UNE’s Karen Houseknecht publishes research on antipsychotic induced bone loss
Karen Houseknecht, Ph.D., professor of Pharmacology in the University of New England College of Osteopathic Medicine and interim dean of the College of Pharmacy, has published novel findings about the effects of risperidone, a widely-used antipsychotic drug, on bone loss in the July 2017 issue of BONE.
Houseknecht’s laboratory focuses on understanding the links between mood and metabolism. Specifically, the lab is interested in understanding why patients with mood disorders have a higher incidence of metabolic disease and why medications used to treat mood disorders often cause metabolic disorders such as obesity, diabetes and bone loss. Atypical antipsychotic (AA) drugs, including risperidone, are FDA-approved to treat psychosis associated with schizophrenia and bipolar disorder, and some are approved to treat irritability associated with autism in children. Despite FDA warning labels relating to significant safety issues in the elderly, over 20% of nursing home residents are prescribed AA drugs. Additionally, many children, adolescents and adults are prescribed AA drugs for diagnoses with no FDA-approved indication for AA use.
AA drugs have been found to cause significant metabolic side effects including obesity, type 2 diabetes, hyperglycemia, sleep disruption and cardiac arrest.
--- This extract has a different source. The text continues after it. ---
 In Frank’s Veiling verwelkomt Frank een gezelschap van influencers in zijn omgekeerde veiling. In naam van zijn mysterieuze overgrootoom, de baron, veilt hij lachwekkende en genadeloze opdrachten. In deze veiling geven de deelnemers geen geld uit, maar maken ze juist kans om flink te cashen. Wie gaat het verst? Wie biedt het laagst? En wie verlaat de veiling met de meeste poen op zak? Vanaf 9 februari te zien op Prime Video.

Emerging research from Houseknecht and her team has shown that bone is another “off-target” site for AA side effects.
Clinical studies show that patients treated with risperidone have reduced bone density and increased fracture risk. These findings are concerning in populations such as the elderly, where fracture risk is already elevated, and in adolescents who are experiencing peak bone growth. In this paper, Houseknecht and her multi-institutional, collaborative team investigated two fundamental questions: 1) are the negative effects of risperidone on bone due to drug-induced hypogonadism (diminished functional activity of the gonads) and 2) are there direct effects of risperidone on bone?
It is known that risperidone can cause hypogonadism in some patients and hypogonadism is known to cause significant bone loss, as seen with menopause. Houseknecht’s team showed that hypogonadism in mice causes significant bone loss, and that adding risperidone increased the bone loss even more. This indicated that hypogonadism is not the only cause of risperidone-induced bone loss.
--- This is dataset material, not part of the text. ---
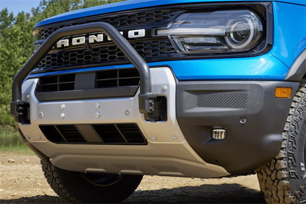 据悉,福特新款Bronco Sport车型首次增加了全新的Sasquatch越野套件,并仅提供Outer Banks和Badlands车型选装,配备29寸固特异Territory全地形轮胎、钢制保险杠、额外的车身底部保护装置和集成式牵引钩。同时Badlands车型还将提供新的悬架系统,其车身离地间隙增加了10mm,选装Sasquatch套件后还可获得背负式储液器的Bilstein后减震器,并将后悬架行程增加到221mm。

Houseknecht then examined the novel hypothesis that antipsychotic drugs could have direct effects on bone. Her team showed for the first time that the function of bone cells that break down bone, osteoclasts, are inhibited by dopamine. The team also found that risperidone, a dopamine blocker, stimulates osteoclast function which is consistent with increased bone loss. In addition, they reported the novel finding that dopamine and risperidone are found in significant quantities in bone marrow following an oral dose of risperidone in mice, indicating that the drug accumulates in bone.
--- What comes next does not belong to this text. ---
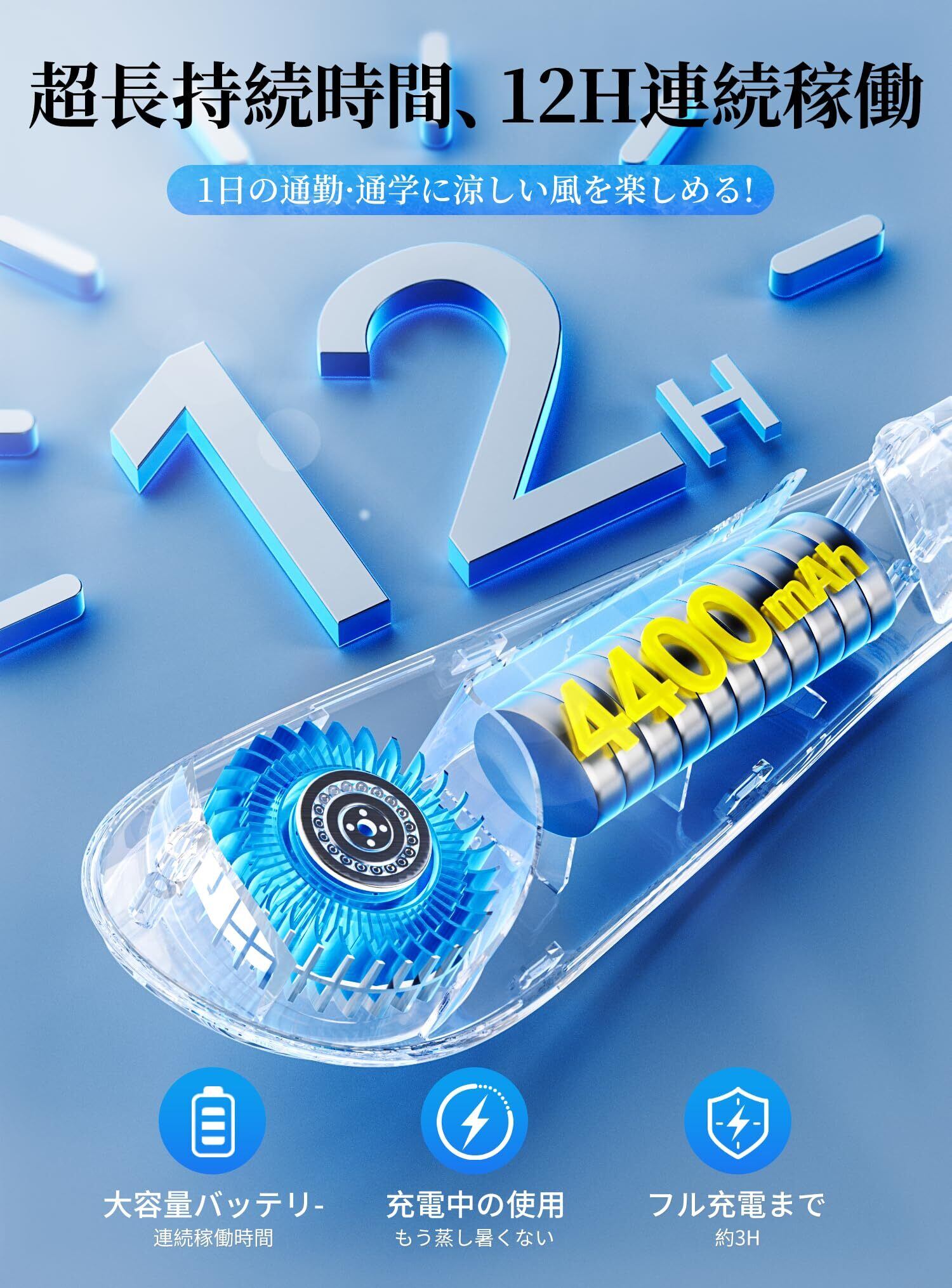 【長時間稼働・軽量設計】 PSE認証済みの4400mAh大容量バッテリーを搭載し、送風モードでは最大12時間の連続使用が可能。冷却モードでは、温度設定(15℃・20℃・25℃)に応じて3~5時間持続。TYPE-C充電式を採用し、約3時間でフル充電が完了。TYPE-C充電式に対応しており、わずか3時間でフル充電が完了します。さらに、軽量・コンパクト設計(重量わずか350g)で、バッグやポケットにすっきり収納可能。通勤や旅行、アウトドアでの使用にも最適です

“We are very excited about these findings as they shed new light on how bone biology is regulated by dopamine, a molecule that is known to be important in regulating mood, and a target for many psychiatric medications,” said Houseknecht. “Our overarching goal is to explore ways to create safer medications to treat mood disorders. Furthermore, we want to inform prescribing practices in order to optimize efficacy and safety for our most vulnerable patients.”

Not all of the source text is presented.